Horizontal federated learning uses datasets with the same feature space across all devices, this means that Client A and Client B has the same set of features as shown in a) below. Vertical federated learning uses different datasets of different feature space to jointly train a global model as shown in b) below. One example would be Client A (Amazon) has information about the customer’s movie purchases on Amazon, and Client B (IMDB) has information about the customer's movie reviews, using these two sets of datasets from different domains allows one to serve the customers better using movie reviews information (IMDB) to provide better movie recommendation to the customers browsing movies in Amazon. Lastly, Federated transfer learning is vertical federated learning utilized with a pre-trained model that is trained on a similar dataset for solving a different problem. One such example of Federated transfer learning is to train a personalised model e.g. Movie recommendation for the user’s past browsing behavior.

Figure 2. Categorization of Federated Learning. a) Horizontal learning, b) Vertical learning, c) Transfer learning (Figure by link)

How Federated learning works

Federated learning revolves around the Federated averaging algorithm called “FedAvg” [3]. FedAvg is the very first vanilla Federated learning algorithm formulated by Google [3] for solving Federated learning problems. Since then, many variants of FedAvg algorithms such as “FedProx”, “FedMa”, “FedOpt”, “Scaffold” etc.. has been developed to address many of the Federated learning problems in [2].

The following describes how FedAvg algorithm work at a high level.

At each round of FedAvg, the aim is to minimize the objective of the global model w which is just the sum of the weighted average of the local device loss.

  1. A subset of clients/devices are sampled randomly.
  2. The server broadcasts its global model to each client.
  3. In parallel, the clients run Stochastic Gradient descent (SGD) on their own loss function and send the resulting model to the server for aggregation.
  4. The server then updates its global model as the average of these local models.
  5. The process is then repeated for n such communications rounds.

Challenges in Federated learning

With such a useful technology comes with an abundance of challenges that need to be addressed [2, 4]. Some of the most important challenges which I think need to be addressed were the following four points curated from [4] (The list is by no means exhaustive).

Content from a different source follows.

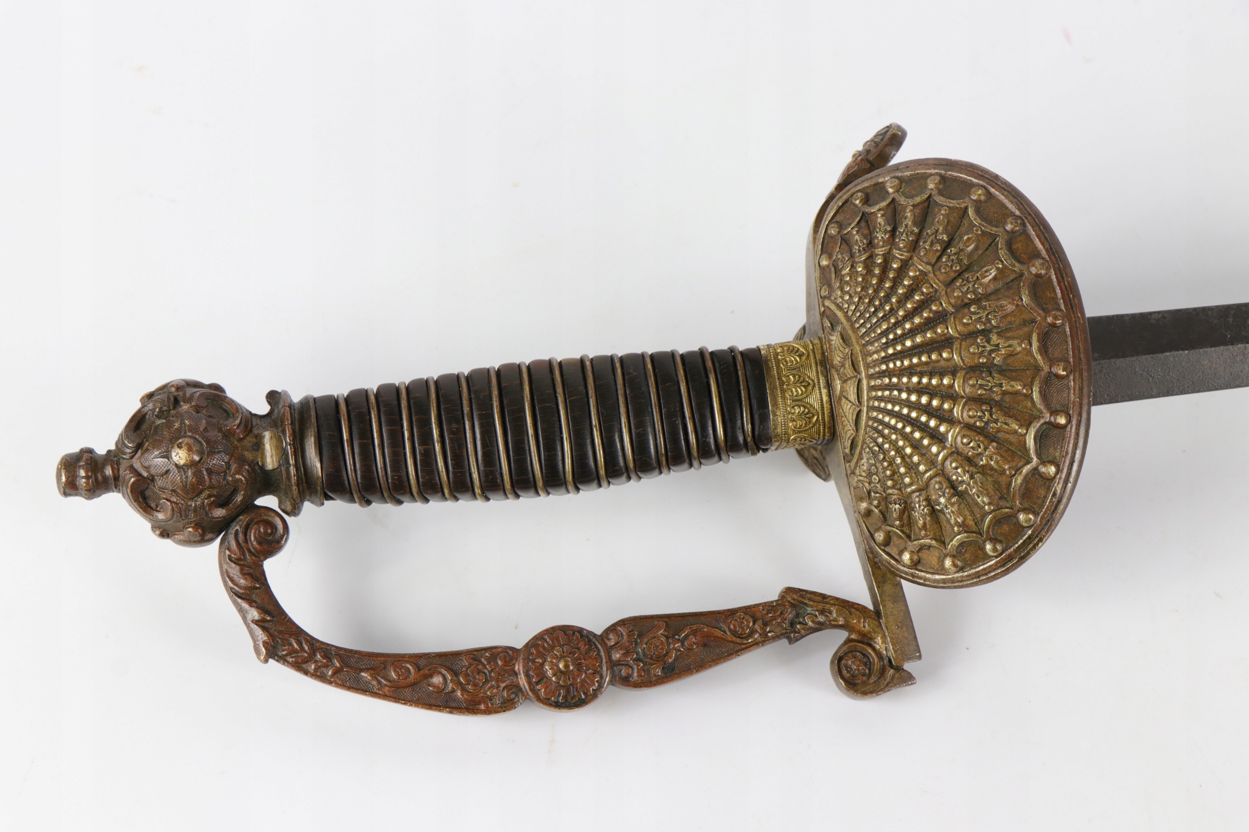 Французский придворный служебный меч начала XIX века, около 1800 года, периода Империи. Закрытая ручка, очень точное литье из оригинальной позолоченной бронзы, очень точное литье. Щит и перемычка лука, шаровая головка. Щит имеет интересный веерообразный орнамент. Древко изготовлено из красного дерева. Украшение типичное для периода Империи. Стальной клинок у основания клинка, подпись AO
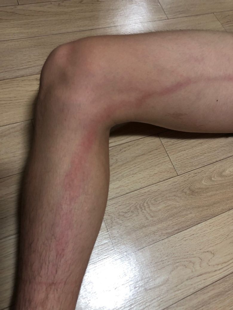 안녕하세요 22살 남자입니다 제가 오래 무리해서 서있으면 다리가 사진과 같이 혈관쪽이 붉은색을 띄면서 멍든것처럼 아팠습니다 그러다 다시 원래 다리처럼 돌아오고는 하는데 이런 일이 총 여태 3번가량 있었고

  1. Trade-off between noise and accuracy: Using Differential Privacy (DP), we can add noise to the data to enhance privacy protection. However, with DP we sacrificed the performance of the model. Hence a trade-off is required for adding the right amount of noise and not compromise the performance of the model.
  2. System and Statistical heterogeneity: Training on heterogeneous devices is a challenge, it is important to ensure federated learning scale effectively on all devices regardless of the type of devices. The dissimilarity of statistical information refers to the incapability of one device to derived the global statistical pattern such that the populations, samples, or results are different from one device as compared to the other devices.
  3. Communication bottlenecks: The communication cost for bringing the models to the device should be moderately low since it may impact the FL environment where one device can be crippled due to communication bottlenecks, which in turn stall the Federated training process. There are several works on addressing communication bottlenecks such as dropping stragglers (devices that failed to compute training within the specified time-window), and model compression/quantization to reduce the bandwidth cost.
  4. Poisoning: Poisoning comes in two forms, 1. Data Poisoning: During a Federated training process, multiple clients can participate by contributing their on-device training data, and it is difficult to detect/prevent malicious clients from sending malicious/fake data to poison the training process which in turn poison the model. 2. Model Poisoning, Contrary to data poisoning, malicious clients modify the received model by tampering its gradient/parameters before sending back to the central server for aggregation, as a result, the global model can be severely poisoned with invalid gradients during the aggregation process.
  5. Trade-off between efficiency and privacy: Using Secure Multi-Computation (SMPC) and Differential Privacy (DP) boost the privacy protection capability in Federated learning, however, such protection comes with a trade-off between cost and efficiency. Using SMPC, clients are to encrypt the parameters of the models before sending back to the central server, therefore additional computational resources are required for encryption which will compromise the efficiency of training the model. With DP, noise is added to the model and data, hence some accuracy is lost. Therefore finding a suitable trade-off between SMPC and DP is an open challenge in Federated learning.

Conclusion

Federated learning is still a relatively new field with many research opportunities for making privacy-preserving AI better. This includes challenges such as system heterogeneity, statistical heterogeneity, privacy concerns, and communication efficiency, etc.. This brings forth many open problems in Federated learning that needs to be addressed as a whole before Federated learning can be widely adopted by the industry.

References:

[1] Federated Learning: Collaborative Machine Learning without Centralized Training Data

[2] Advances and Open Problems in Federated Learning

[3] Communication-Efficient Learning of Deep Networks from Decentralized Data

[4] A survey on security and privacy of federated learning

--

--